Basically uniquepaths( row, column ) = 0 if row > N || column > N
1 if row ==N && column == N
uniquepaths(row+1, column) + uniquePaths(row, column+1)
i.e, the solution have optimal substructure and overlapped subproblems. So, it can be solved using Dynamic Programming. Below is memorization (lazy/on demand) version of it (related which basically returns paths as well: Algorithm for finding all paths in a NxN grid) (you may refer to my blog for more details: http://codingworkout.blogspot.com/2014/08/robot-in-grid-unique-paths.html)
private int GetUniquePaths_DP_Memoization_Lazy(int?[][] DP_Memoization_Lazy_Cache, int row,
int column)
{
int N = DP_Memoization_Lazy_Cache.Length - 1;
if (row > N)
{
return 0;
}
if (column > N)
{
return 0;
}
if(DP_Memoization_Lazy_Cache[row][column] != null)
{
return DP_Memoization_Lazy_Cache[row][column].Value;
}
if((row == N) && (column == N))
{
DP_Memoization_Lazy_Cache[N][N] = 1;
return 1;
}
int pathsWhenMovedDown = this.GetUniquePaths_DP_Memoization_Lazy(DP_Memoization_Lazy_Cache,
row + 1, column);
int pathsWhenMovedRight = this.GetUniquePaths_DP_Memoization_Lazy(DP_Memoization_Lazy_Cache,
row, column + 1);
DP_Memoization_Lazy_Cache[row][column] = pathsWhenMovedDown + pathsWhenMovedRight;
return DP_Memoization_Lazy_Cache[row][column].Value;
}
where the caller is
int GetUniquePaths_DP_Memoization_Lazy(int N)
{
int?[][] DP_Memoization_Lazy_Cache = new int?[N + 1][];
for(int i =0;i<=N;i++)
{
DP_Memoization_Lazy_Cache[i] = new int?[N + 1];
for(int j=0;j<=N;j++)
{
DP_Memoization_Lazy_Cache[i][j] = null;
}
}
this.GetUniquePaths_DP_Memoization_Lazy(DP_Memoization_Lazy_Cache, row: 1, column: 1);
return DP_Memoization_Lazy_Cache[1][1].Value;
}
Unit Tests
[TestCategory(Constants.DynamicProgramming)]
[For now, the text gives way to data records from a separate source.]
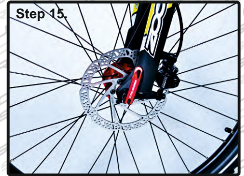
Step 15. Correct position of the quick release axle to the fork after tightening
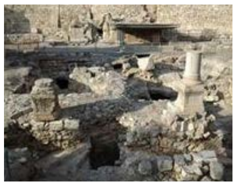
The Pool of Bethesda (Photograph - John Newbery )
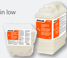
6101941 2.5 gal 6100943 2-2 L

Luxury vinyl tile (LVT) Rubber Laminate Linoleum Sheet vinyl
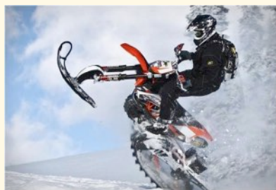
Photo right: some people will never let the snow keep them off their beloved bikes!

As time has passed on, many race venues themselves, have modernised as they were able to progress from simply hiring a field and perhaps having to remove livestock elsewhere on race day - to fully set up courses, specifically for racing. Including well surfaced paddocks with the ability to get in and out of them. Yet it has to be accepted that much of sport is still operated on a less well developed level and the variables such as weather and ground conditions will always have its unwelcome impact. Nothing is more annoying for all concerned than a meeting cancelled through not being able to get there and probably only a little less so, if you can't get out.

public void RobotInGridTests()
{
int p = this.GetNumberOfUniquePaths(3);
Assert.AreEqual(p, 6);
int p1 = this.GetUniquePaths_DP_Memoization_Lazy(3);
Assert.AreEqual(p, p1);
var p2 = this.GetUniquePaths(3);
Assert.AreEqual(p1, p2.Length);
foreach (var path in p2)
{
Debug.WriteLine("===================================================================");
foreach (Tuple<int, int> t in path)
{
Debug.Write(string.Format("({0}, {1}), ", t.Item1, t.Item2));
}
}
p = this.GetNumberOfUniquePaths(4);
Assert.AreEqual(p, 20);
p1 = this.GetUniquePaths_DP_Memoization_Lazy(4);
Assert.AreEqual(p, p1);
p2 = this.GetUniquePaths(4);
Assert.AreEqual(p1, p2.Length);
foreach (var path in p2)
{
Debug.WriteLine("===================================================================");
foreach (Tuple<int, int> t in path)
{
Debug.Write(string.Format("({0}, {1}), ", t.Item1, t.Item2));
}
}
}

There will be infinite no of ways. This is because you can form an infinite loop of positions and thus infinite possibilities. For ex:- You can move from (0,0) to (0,1) then to (1,1), then (1,0) and back again to (0,0). This forms a loop of positions and thus anyone can go round and round these types of loops and have infinite possibilities.